CODE22 黒い鶴の乱舞・少年の危険すぎる告白!(2)

「とんでもないことをしてくれたな」


 約一時間後。

 俺と折賀おりがは、上司の前で床に正座させられていた。


「きちんと警護するというから、お前が帰国して以来、夜間はお前たちだけに任せていたんだが。やはり折賀家内部に監視システム(カメラと盗聴器)を導入せねばならんということか」


「今後厳重に注意する。甲斐かいにもよく言って聞かせる。だからそれは勘弁してくれ」


 頭を下げて土下座しながら、横目でジロリと俺をにらむ折賀。

 仕方なく、俺も深々と頭を下げる。


「すんませんでしたーッ!」


「なんにせよ、今夜はここでたっぷり反省してもらう」


 アティースさんは、俺たち二人を見下ろしながら厳しい宣告を投じた。


「無事に済んだのは結果論でしかない。お前たちは美弥みやを護れなかった。今夜はそれを、よーく肝に銘じておくんだな」


「はいッ!」


 パンプスの靴音と、ミーティングルームのドアの閉まる音が、俺たちを残して無情に消え去っていった……。



  ◇ ◇ ◇ 



 あのあと。

 気を失った美弥ちゃんを抱えて、エルシィさんの車で俺たちは片水崎かたみさき総合病院に急行した。


 幸い、大事には至らなかった。

 一瞬念動能力ポルターガイストを発動してしまった美弥ちゃんは、今ではすっかり「普通の睡眠状態」ですやすやと眠っているそうだ。特に体に異常はないらしい。

 俺はまた、大きく胸をなでおろした。


 ただ、今回はそれなりに被害が出た。

 食器棚の窓のほかに、リビングのドアや壁、天井にまでひびが入ったらしい。

「管理人さんになんて説明しましょうね?」とエルさんがぼやいていた。


「美弥ちゃん、大丈夫そうでほんとよかったよ。でも、まだよくわかんねえんだけど。なんでこんなことになったんだ?」


 二人だけの広いミーティングルームで、まだ正座を続けながら疑問をこぼす。この部屋もモニターで監視されてるので、簡単に足を投げ出すことはできない。


 折賀がまたも冷たい横目で俺を睨みつける。


「どう考えても、お前の独り言とやらが原因だろうが」


「うぅ……そりゃ、確かに恥ずいこと言ったけど……」


(全然気づいてもらえないのって、つらいよな……あの子のこと、こんなに好きなのに……)

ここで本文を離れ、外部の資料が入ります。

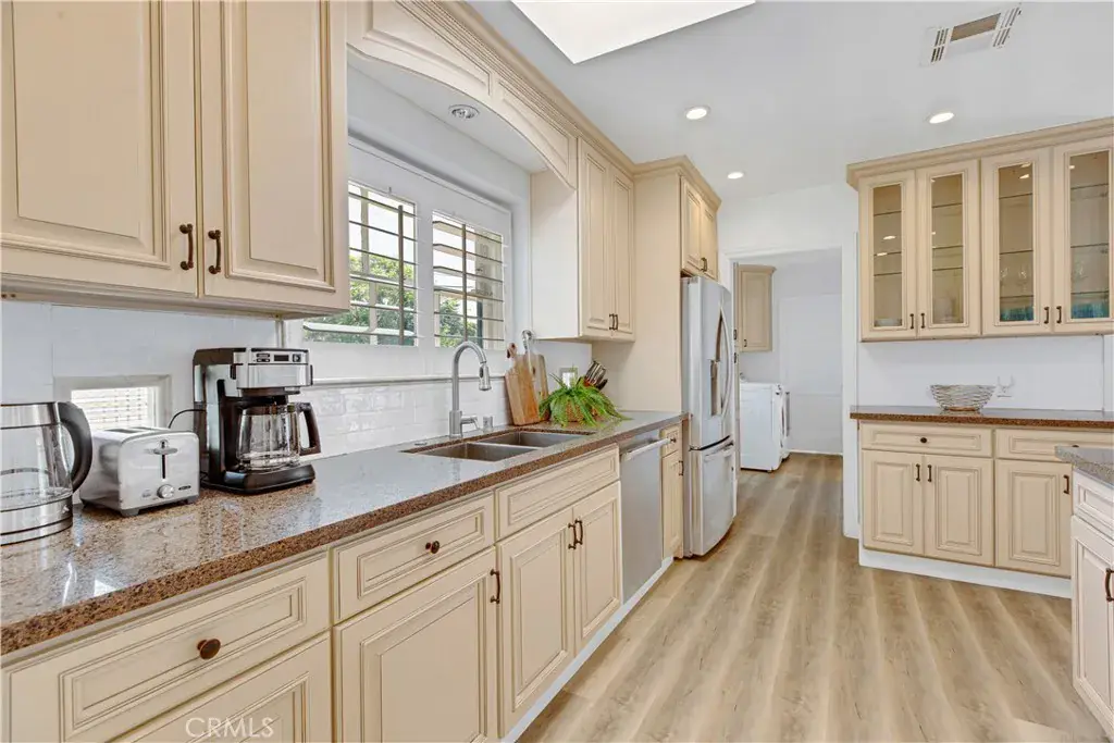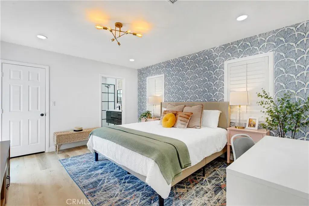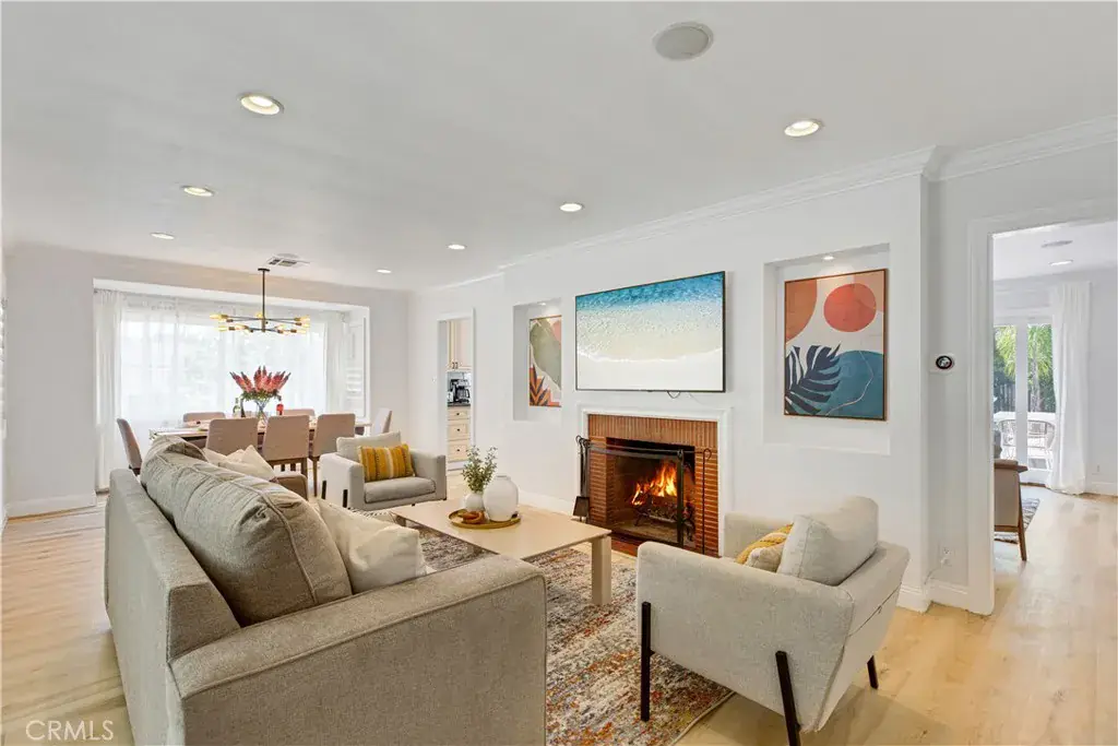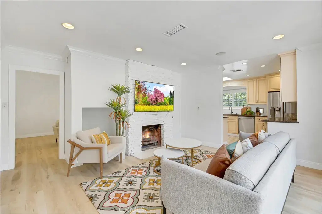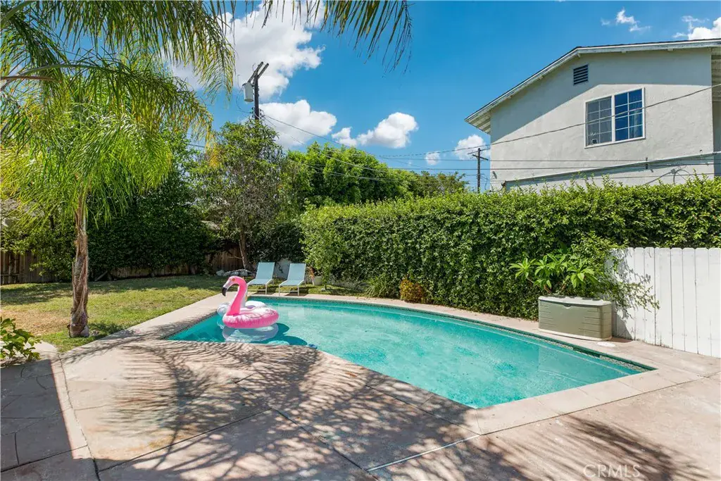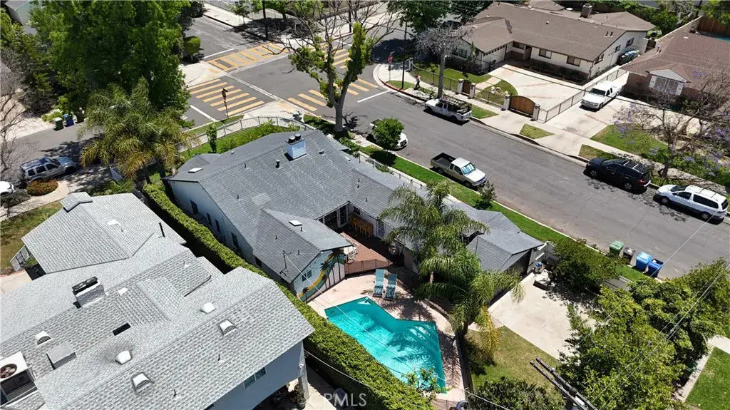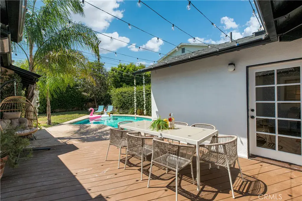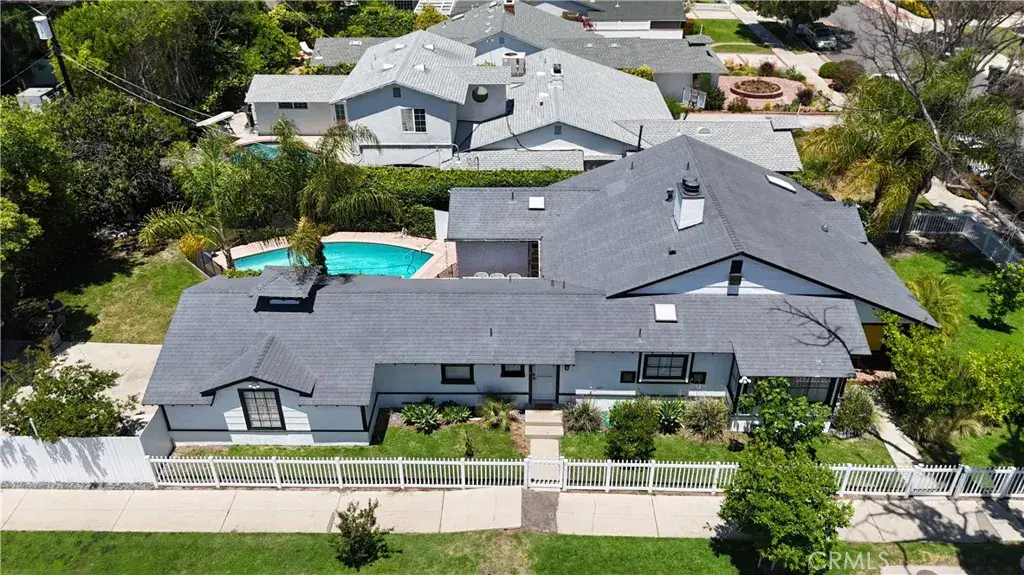 Welcome to this beautifully updated single family Mellenthin “Birdhouse” ranch in prime Sherman Oaks, blending timeless midcentury charm with thoughtful modern upgrades. This 3 bedroom, 3 bathroom home offers 1,811 sqft of living space on a spacious 7,377 sqft lot, featuring two fireplaces, custom plantation shutters, recessed lighting, and wide plank wood flooring throughout. The chef’s kitchen boasts granite countertops, stainless steel appliances, and soft close cabinetry, while the sunlit dining area includes a bay window perfect for entertaining. The inviting family room opens to a private backyard with a sparkling pool, custom mural, wood deck, and hanging chair swing. Additional features include updated bathrooms with designer finishes, dual living areas, an indoor laundry room, attached 2 car garage, gated driveway, EV ready setup, and lush landscaping with citrus trees, all in a prime location near Whole Foods, dining, shopping, local parks, with easy access to freeways, schools, and everyday essentials.

 独り言の内容は、すげー恥ずかしかったけど、恥を忍んでアティースさんと折賀に報告した。

 が、これ以上話をややこしくしたくないので、黒さんのことは伏せてある。


「仮に、あれを美弥ちゃんに聞かれてたとして。俺、その前に『美弥ちゃんはアティースさんが好きなんだよね?』って、名指しで聞いてるんだよ。そのときでさえ、能力発動まではしなかったのに……なんであのタイミングで、ポルターガイストが出ちゃったんだろ……」


 横を見ると、ものすごくあきれたような、バカにしたような顔がそばにあった。


「俺は、なんでこんなバカのために一緒に正座させられてるんだ?」


「はぁ!? 成績の話なんて今関係ねーだろ!」


「だからバカなんだ。考えなしの、ぶら下がるしか能のないナマケモノピーマンだ」


「うるせー! このハゲナスビ!」


「俺はハゲてねえ!」


 俺たちの動きに合わせて、細いチェーンの音が床をすべる。

 そうだ、ケンカしてる場合じゃなかった。


 俺たちは今、このミーティングルームの端っこで鎖につながれている。

 俺たちの首にはそれぞれお決まりの青と銀の首輪がはめられ、その首輪から伸びた三メートルほどのチェーンが、会議用の長机にガッチリと巻かれている。


 部屋に暖房は入ってない。そして、俺たち二人とも、Tシャツにジャージを重ねただけの服。要するに、ものすごく寒い。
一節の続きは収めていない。